Benito, muy contento y agradecido por la cura de su hijo, se presentó una mañana en la casa de Jacinta y le entregó una cabra preñada, tres gallinas y unas cuantas monedas que le vinieron muy bien. María sin embargo no recibió nada de la familia de Pedrito por su aportación. Jacinta sí que supo valorar su trabajo y sabiduría. Con bastante frecuencia eran reclamados los servicios de la joven por la gente del pueblo, pero jamás le agradecían ni pagaban, aunque ella lo hacía con todo el cariño y satisfacción cuando se trataba de ayudar a la persona que necesitaba de sus conocimientos.

La familia Gutiérrez era así. Servía a todos los que requerían sus favores sin esperar nada a cambio. Era raro el día que no le exigían un favor, que hacían de buen grado y sin rechistar.

Por otra parte, las tres jóvenes por su belleza, tenían encandilados a los muchachos del pueblo pero, sin recibir petición alguna de noviazgo ni por supuesto de matrimonio. Se decía que eran la escoria del pueblo, de tal manera que muchas madres apartaban a sus hijos de cualquier intento de acercamiento a cualquiera de las tres. Las Piojosas no podían mezclarse en sus familias, eran despreciadas y aunque había bastantes enamorados en secreto, jamás se atrevían a confesar sus deseos por temor a las rigurosas familias.

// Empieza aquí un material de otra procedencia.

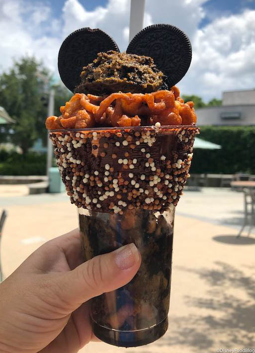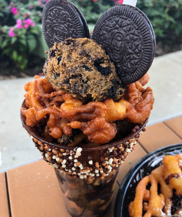 We thought the Mickey Funnel Cake was super cute and great for sharing with a friend! The Chocolate-Chip Cookie Dough was extremely sweet but not grainy at all (none of them were grainy, in fact). If you love funnel cakes, you will most likely enjoy this treat!

La noticia del embarazo corrió como la pólvora por un pueblo ansioso de noticias, y aquella lo era por mucho tiempo.

A partir de entonces, casi nadie les dirigía la palabra y algunas mujeres escupían a su paso lanzándole maldiciones y advertencias de no acercarse a sus casas.

Cristóbal Morales, el Cerrojo, las insultaba cada vez que las veía en el corral. Las llamaba de todo, desde piojosas, guarras, desmayadas y hasta putas… También, se dedicó a darle palos a la higuera que hacía linde con el huerto y cuyas ramas daban a su finca hasta hacerlas añicos, a pesar de que las jugosas brevas, él se las comía y luego tiraba las pieles a la casa de ellas mientras se partía de risa con sus actos de humillación a unas criaturas, que odiaba a muerte desde que fue despreciado por Carmen, la madre de Catalina y María.

Muchos años atrás, la madre de las dos jóvenes era sin duda la mujer más hermosa de todo el pueblo. Su belleza y simpatía tenía en vilo a todos los mozalbetes de Igualeja y entre ellos, a Cristóbal Morales. Este, intentó por todos los medios llegar a ser su novio e incluso, se planteó un rapto, costumbre por otra parte aceptada por los habitantes del municipio. Una vez realizada la brutal acción y consumado el acto sexual, el matrimonio era aceptado por todo el pueblo y algún tiempo después se celebraba la boda que en ocasiones coincidía con el bautismo de la criatura nacida de dicho acontecimiento.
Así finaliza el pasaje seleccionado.